Kıbrıs doğumlu Türklerin, “Ana Vatan”dan gelip Ada’ya yerleşenler için, “Bizim yaşantımıza saygı duysunlar. Türkiye’deki yaşam tarzlarını bize empoze etmeye çalışmasınlar. Bizi değiştirmeye kalkmasınlar” uyarısı, maalesef hala güncel. Barış Harekatı’nın üzerinden yarım asırdan fazla bir zaman geçmesine rağmen “Kıbrıs Türkü” ve “Türkiye Türkü” ikilemi hala konuşuluyorsa, bir yerde hata yapmış olmalıyız. Kıbrıs Türk kültürüne çok uzak insanların Ada’ya gelip bunların bir kısmının kendini “üstün ve kurtarıcı” olarak görmesi, kabuk bağlamış bir yarayı arada bir yeniden kanatıyor sanki…
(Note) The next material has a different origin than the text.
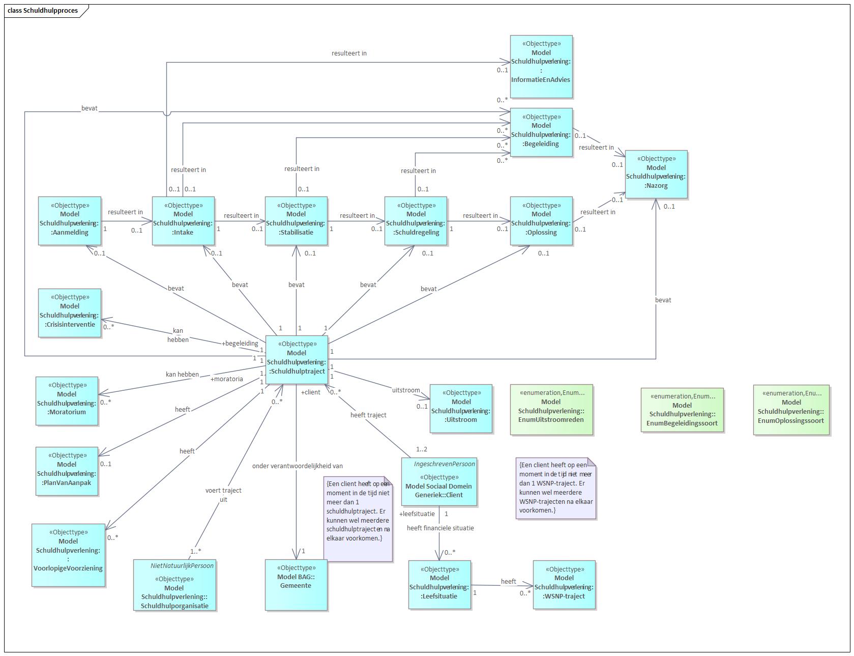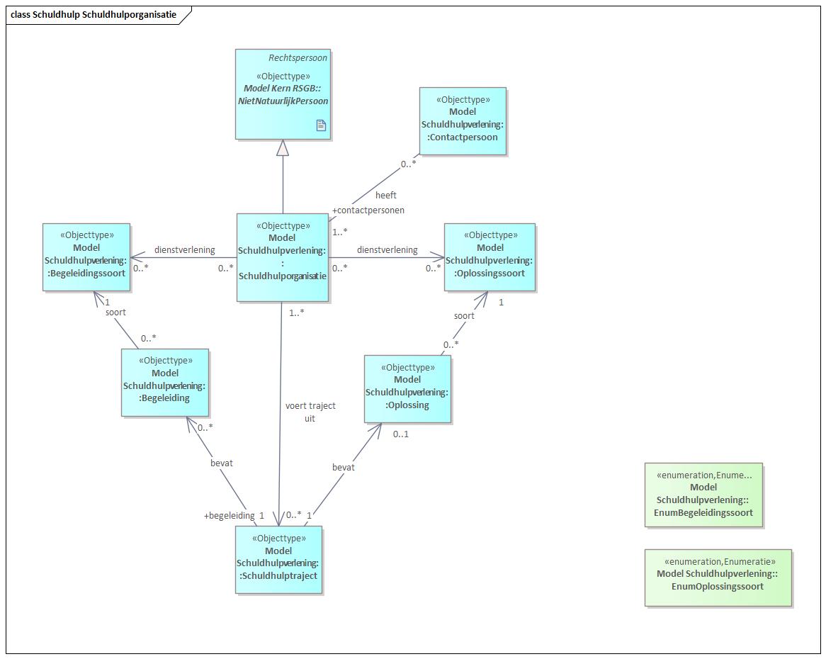 In bovenstaande figuur worden de volgende zaken weergegeven: Een Schuldhulporganisatie kan meerdere schuldhulptrajecten uitvoeren. Een Schuldhulporganisatie kan als dienstverlening meerdere soorten begeleiding en meerdere soorten oplossingen aanbieden. Alle Oplossingen binnen een Schuldhulptraject zijn van een bepaald soort, en hetzelfde geldt voor Begeleiding. De soorten mogelijke begeleiding zijn vastgelegd in EnumBegeleidingssoort en de soorten oplossingen in EnumOplossingssoort.

EŞİTLİK BİR LÜTUF DEĞİLDİR
Üniversiteler ve kumarhaneli oteller dışında fazla bir ekonomik hareketlilik olmamasına rağmen, (Türkiye Cumhuriyeti’nin büyük desteğiyle) halkın alım gücü bize göre epeyce iyi. Asgari ücret net 44 bin 546 TL. ÖTV falan olmadığından, benzin ve mazot 40-41 TL bandında seyrediyor. Bizde makam aracı olarak kullanılan Mercedesler orada taksi. Halkın eğitim düzeyi çok yüksek. Denetim mekanizması iyi çalıştırıldığından, gıda güvenliği ön planda. Türkiye’deki gibi bireysel silahlanma çılgınlığı yok. AB üyesi olamasa da, bu standartları benimsemiş bir halk var Kuzey Kıbrıs’ta.
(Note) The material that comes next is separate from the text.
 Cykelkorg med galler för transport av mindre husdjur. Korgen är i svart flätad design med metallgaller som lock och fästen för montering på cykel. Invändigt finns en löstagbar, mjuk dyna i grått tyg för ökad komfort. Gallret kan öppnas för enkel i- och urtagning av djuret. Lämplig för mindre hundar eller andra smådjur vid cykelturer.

1974 öncesinde Ada’da olan Kıbrıs Türklerinin Avrupa Birliği pasaportu var. Diğerlerinin yok. Karma (Türkiye Türkleri ile) evlilikten doğan çocuklar da AB hakkından yararlanamıyor. Türkiye dışında tanıyan ülke olmadığından, KKTC pasaportunun hiç bir değeri yok maalesef.
Tufan Erhürman’ın aldığı yüksek oy oranının altında, biraz da bu gerçeklik yatıyor.
Kıbrıs Türk halkına “Ciddiyet ve cumhurbaşkanlığı makamının ağırlığını taşıyabilecek bir liderlik” vaat eden Erhürman, aynı zamanda “Eşitlik bir lütuf değildir. Kıbrıslı Rum çocukların sahip olduğu haklara Kıbrıslı Türk çocuklar da sahip olmalı” demişti.
KKTC tarihinde Kurucu Başkan Rauf Denktaş’tan sonra en büyük oy farkını yakalayan Cumhurbaşkanı Erhürman’ın bir önemli sözü daha var: “Bu halkın yeniden kendisiyle, ülkesiyle ve kurumlarıyla gurur duyacağını vaat ediyorum. Hiç kimse bu halkın onurunu, öz güvenini zedeleyemeyecek.”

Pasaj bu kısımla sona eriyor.